骨髄ストローマ由来因子による造血幹細胞の増幅(総括研究報告書)

ISFは蛋白質の機能を指標にして発現クローニング法で同定した分子である。c-kit陽性Sca-I陽性の幼若な造血細胞(KSL細胞)をISFを強制発現させた骨髄ストローマ細胞と共培養し、造血前駆細胞の増幅が誘導されるかどうか調べたところ、in vitroコロニー形成細胞数およびin vivoにおける長期骨髄再建能を有する造血幹細胞数が増加していた。ISFは6回膜貫通型の膜蛋白質でプロトンポンプのサブユニットと相同性を有する分子である。研究申請者は最近DNAマイクロアレイを利用した実験を行い、ストローマ細胞におけるISF過剰発現により、MMP3およびN-Mycの発現上昇とTIMP3およびSFRP-1の発現減少が誘導されることを明らかにした。MMP3はMMP9を活性化するので、MMP9の活性化を介してs-kit ligand(KL)の放出を誘導する可能性が考えられた。しかしながら、ISFの過剰発現はストローマ細胞からのKLの産生および放出には影響を与えなかった。ISFの過剰発現により発現の減少が認められるTIMP3はチロシンキナーゼレセプターAng
-1/Tie-2系の活性化を抑制することを見いだした。

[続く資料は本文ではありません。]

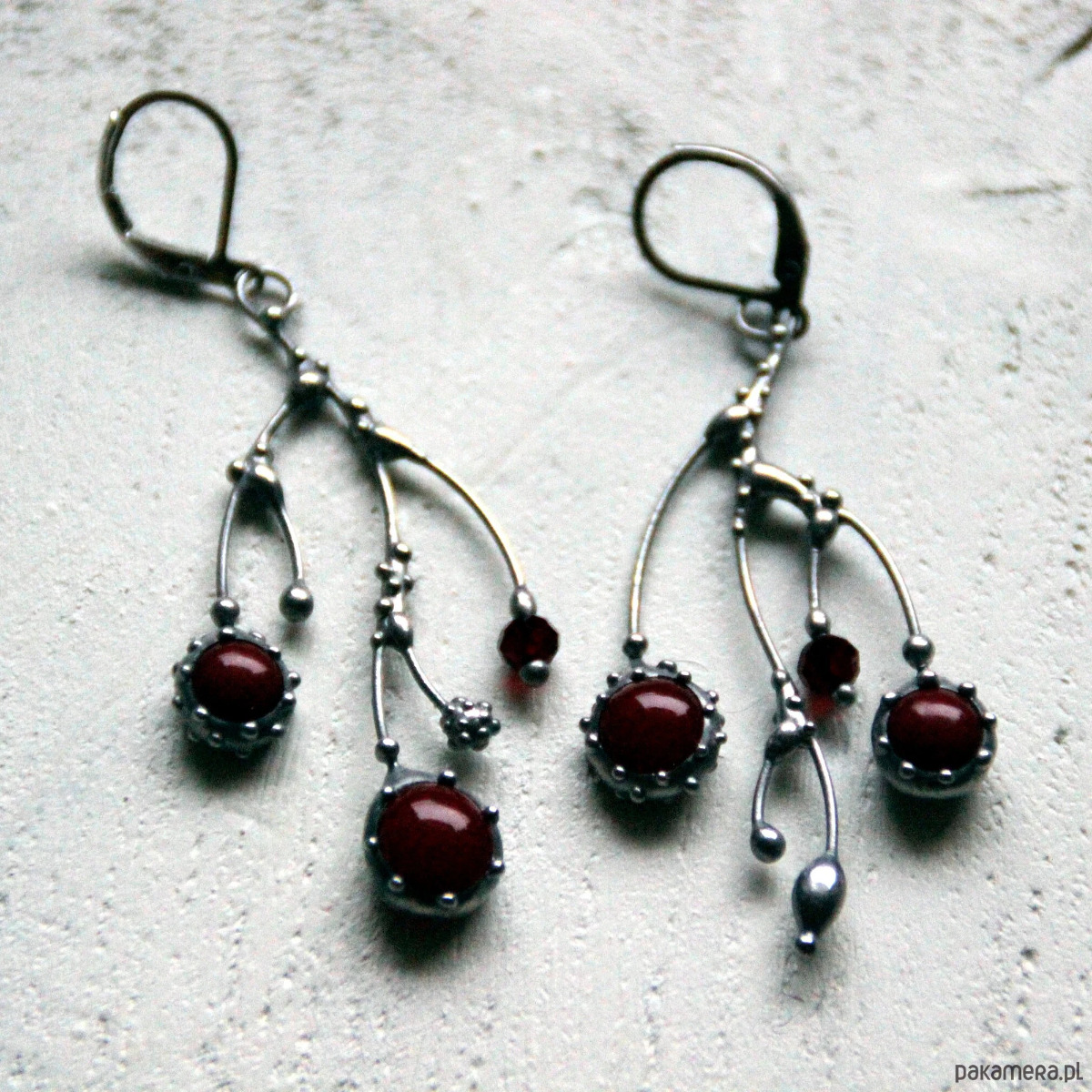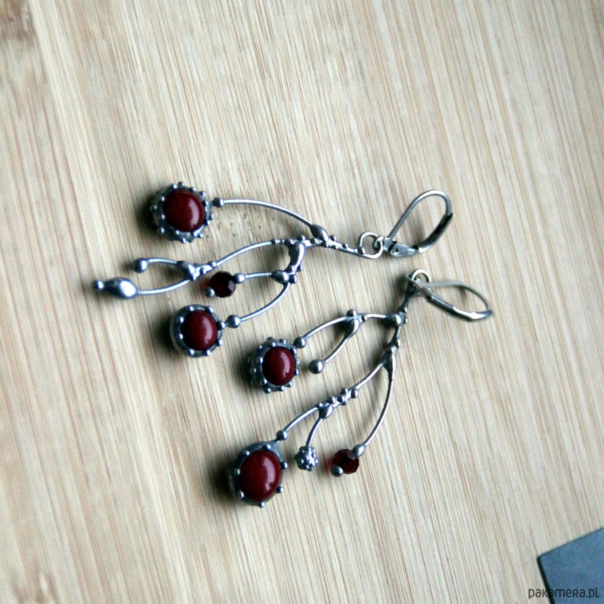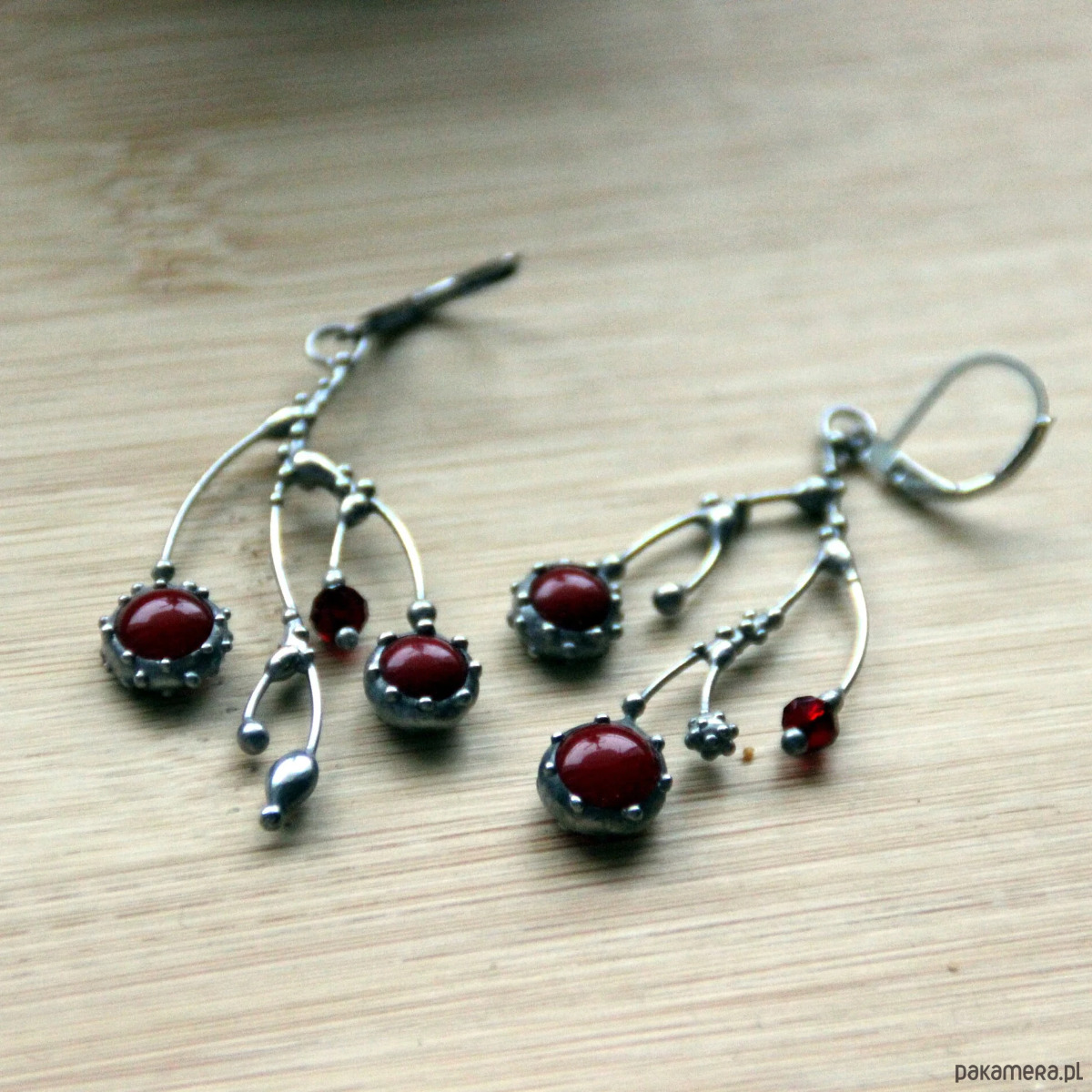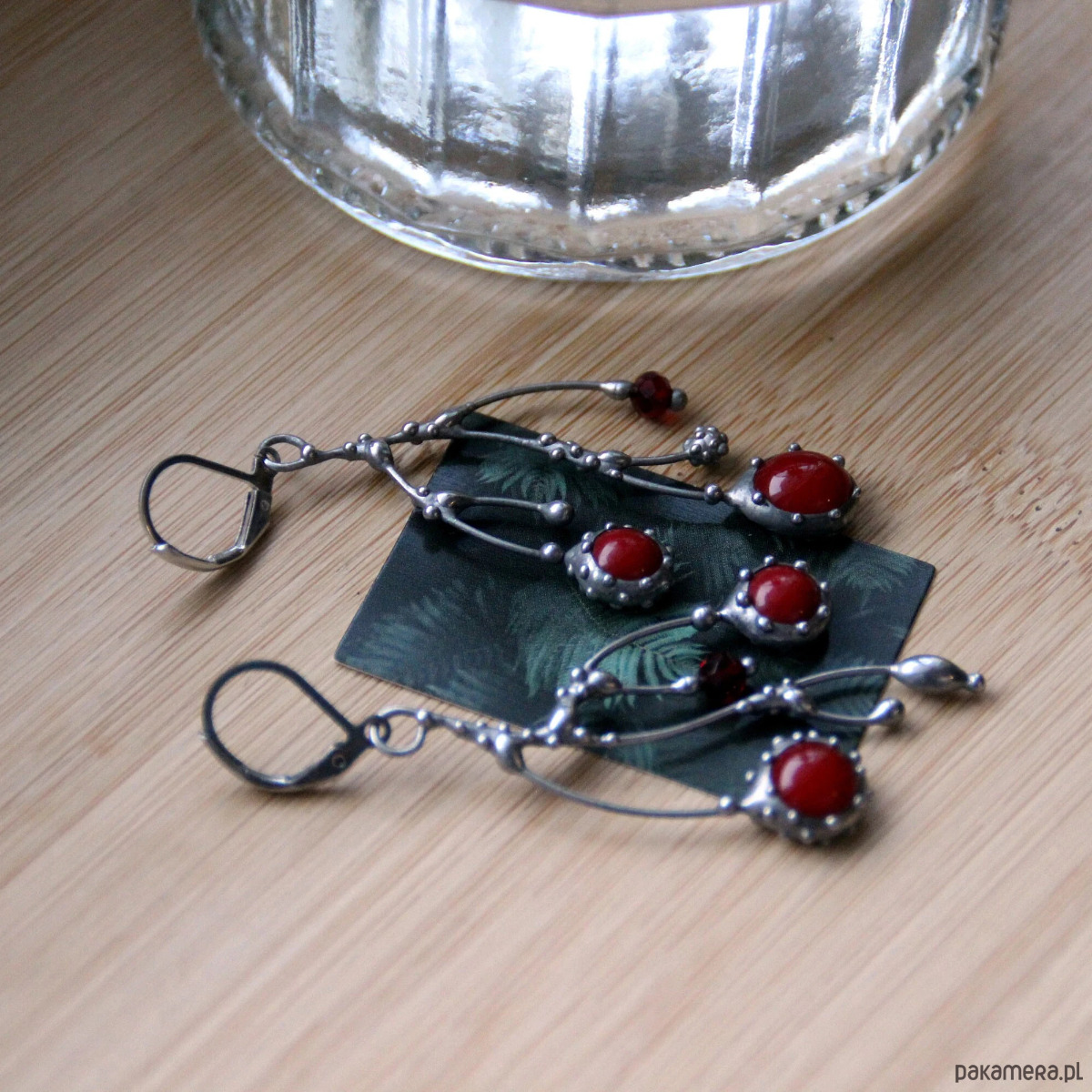 Kolczyki czarownicy z gałązkami i czerwonym szkłem asymetryczna biżuteria

Ang-1/Tie-2は造血幹細胞の増幅に促進的に働くことが知られており、ISFによるTIMP3の発現の低下はAng-1/Tie-2が活性化を介して、造血幹細胞増幅を誘導する可能性がある。また変異を導入しポンプ活性を失活させた変異型ISFには造血幹細胞の増幅活性はないこと、さらにポリクローナル抗体を利用した免疫染色でISFが主にERやゴルジ体に発現していることも判明した。これらの結果から考えて、ISFがER/ゴルジ体や分泌顆粒内のpHを下げることを介して造血サイトカインの産生や放出に影響を与えている可能性も考慮する必要がある。
一方のKirreもISF同様CFU-C、LTC-IC(long term culture-initiating cell)、CAFC(cobble stone-like area forming cell)など造血前駆細胞および造血幹細胞の指標となる細胞の増幅を誘導すると同時にin vivoにおける長期骨髄再建能を有する真の造血幹細胞の増幅を誘導した。さらにKirreに対するsiRNAを利用した実験を行い骨髄ストローマ細胞株OP-9の造血支持能がKirreに依存していることも判明した。組織分布を調べたところKirreの発現は骨髄および脳に限局していた。骨髄中では、骨膜のオステオブラスト(骨芽細胞)の一部で発現が認められた。胎生期マウスにおいてはmKirreが造血幹細胞の発現部位であるAGM領域に強い発現が認められた。また興味深いことにmKirreはmigrating myocyteにも発現していた。ストローマ細胞への潜り込みを誘導する性質と考えあわせると、mKirreが細胞の遊走に関与する可能性も考えられる。一方、Fc融合可溶性Kirre分子は、骨膜近傍のごく少数の血液細胞に結合することが判明した。この細胞は2重染色で調べたところc-kit陽性であった。しかしながらFACSによる解析では、c-kit陽性のKSL細胞あるいは同じく造血幹細胞を含むと考えられているSP細胞に対する可溶性Kirre分子の結合は認められなかった。骨膜近傍のごく少数のc-kit陽性の造血幹細胞が通常の骨髄採取方法では回収されにくいか、あるいは頻度が低くてFACSでは確認できない可能性も考えられるため、今後さらなる検討が必要である。
Kirreのノックアウトマウス作製のためのノックアウトコンストラクトの構築(図1)が終了し、組み換えES細胞のスクリーニングを行ない、1000以上のESクローンを調べたが相同組み換えをおこしたES細胞は見つからなかった。そこでノックアウトコンストラクトを少し変更して(図2)、再度ES細胞のスクリーニングを行なっている。